Case Presentation: Hepatic carcinosarcoma (HCS) is an extremely rare kind of hepatic malignancy with elements of both carcinoma and sarcoma. Chronic lymphocytic leukemia (CLL), on the other hand, is the most common lymphoid malignancy in North America accounting for ~25% of leukemia cases in the United States.
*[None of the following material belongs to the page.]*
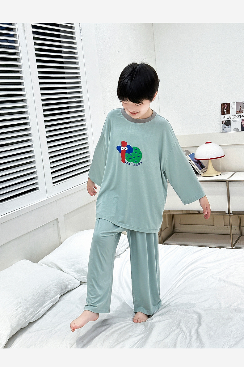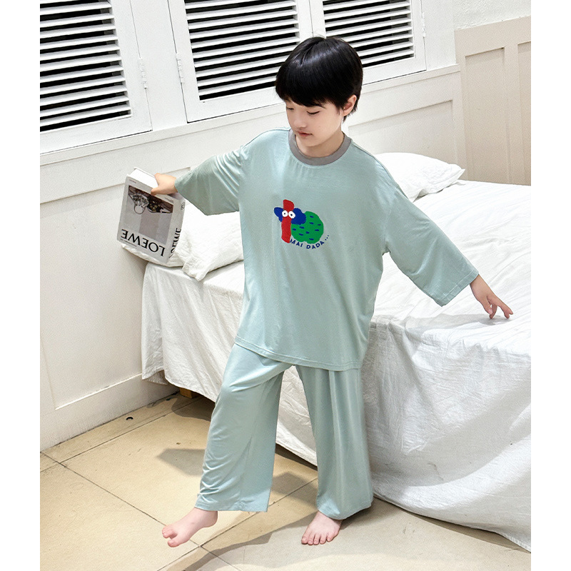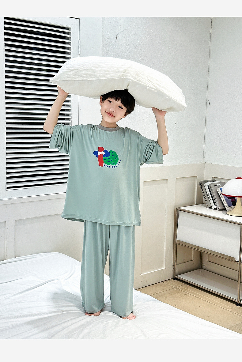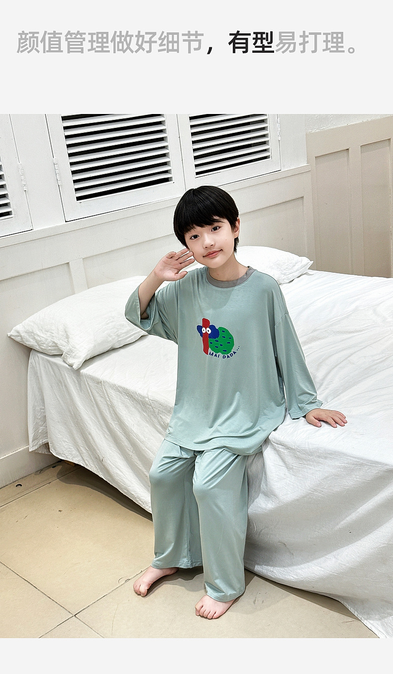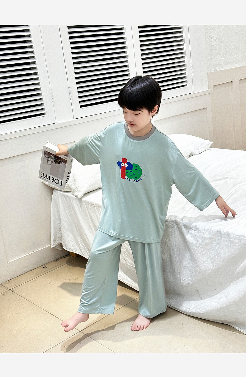 Huzhou Zhili 아동복 모달 어린이 파자마 여름 소년 홈 의류 여름 에어컨 의류 세트 다이파스토어 가기

This is the first case report in medical literature describing the concurrent occurrence of these two malignancies in the liver.Our patient is a 60-year-old Hispanic male with a history of non-cirrhotic hepatitis C (diagnosed in 2011, treated with Ledipasvir/Sofosbuvir and had sustained undetectable viral load since 2016) as well as indolent Rai Stage 0 CLL with poor prognostic marker of ATM gene mutation on 11q22.3 (diagnosed in 2019 and has been under observation ever since). He presented to the hospital due to worsening diffuse abdominal discomfort associated with anorexia and 40-pound weight loss over 3 months. Physical exam revealed cachexia, jaundice and hepatosplenomegaly. Diagnostics showed a baseline WBC of 18/nL, absolute lymphocyte count of 15/nL, hemoglobin of 11.2 g/dL, normal platelet count, elevated INR of 2.2, aPTT of 40 seconds, AST of 86, normal ALT, albumin of 2.2 g/dL and normal ALP. Viral hepatitis panel was negative. CT imaging of chest, abdomen and pelvis showed multiple heterogeneous ill-defined hepatic masses involving nearly the entire right hepatic lobe measuring 12 cm in largest dimension, prominent peri-gastric lymph nodes suggestive of metastasis and a heterogeneous midline mass near the pancreas measuring 10 cm in largest dimension. Liver biopsy surprisingly exhibited concurrent HCS and CLL. The patient was not a surgical nor radiation therapy candidate due to extensive disease. He refused systemic chemotherapy and opted for comfort care. He passed away 2 months later.

Discussion: HCS has only been described in 31 cases in current literature. The exact pathophysiology is unknown. However, it is postulated to arise de novo or from a cirrhotic liver due to chronic hepatitis B or C. Our patient had non-cirrhotic hepatitis C for 5 years before he had undetectable disease after treatment. According to Goto et al, despite attaining sustained undetectable viral load in non-cirrhotic hepatitis C patients, the risk of having hepatocellular carcinoma (HCC) remains at 0.3 per 100 patient years. Unfortunately, the risk of developing HCS from chronic hepatitis C is unknown due to its rarity.CLL patients have a higher risk of developing second malignancies including solid cancers (skin cancer, Kaposi sarcoma, lung cancer, melanoma, breast cancer and prostate cancer) and hematologic cancers (diffuse large B-cell lymphoma, Hodgkin lymphoma and myeloid neoplasia). This is likely attributable to the postulated defective immune surveillance in CLL. Liver biopsy is not part of the basic work-up for CLL but it can be used to investigate acute abnormalities of the liver. According to Hampel et al, CLL infiltration of the liver does not necessarily change the management of the disease and is not a criterion to start treatment.

Conclusions: Our case demonstrates the presence of two simultaneous malignancies in the liver likely due to the compounded risk of a history of chronic albeit treated hepatitis C and poor immune surveillance from CLL. Currently, there have been no studies of cancer screening in CLL patients. However, patients are encouraged to have age-appropriate screening. In the future, it may be worthwhile to consider early cancer screening for these patients with such high-risk features.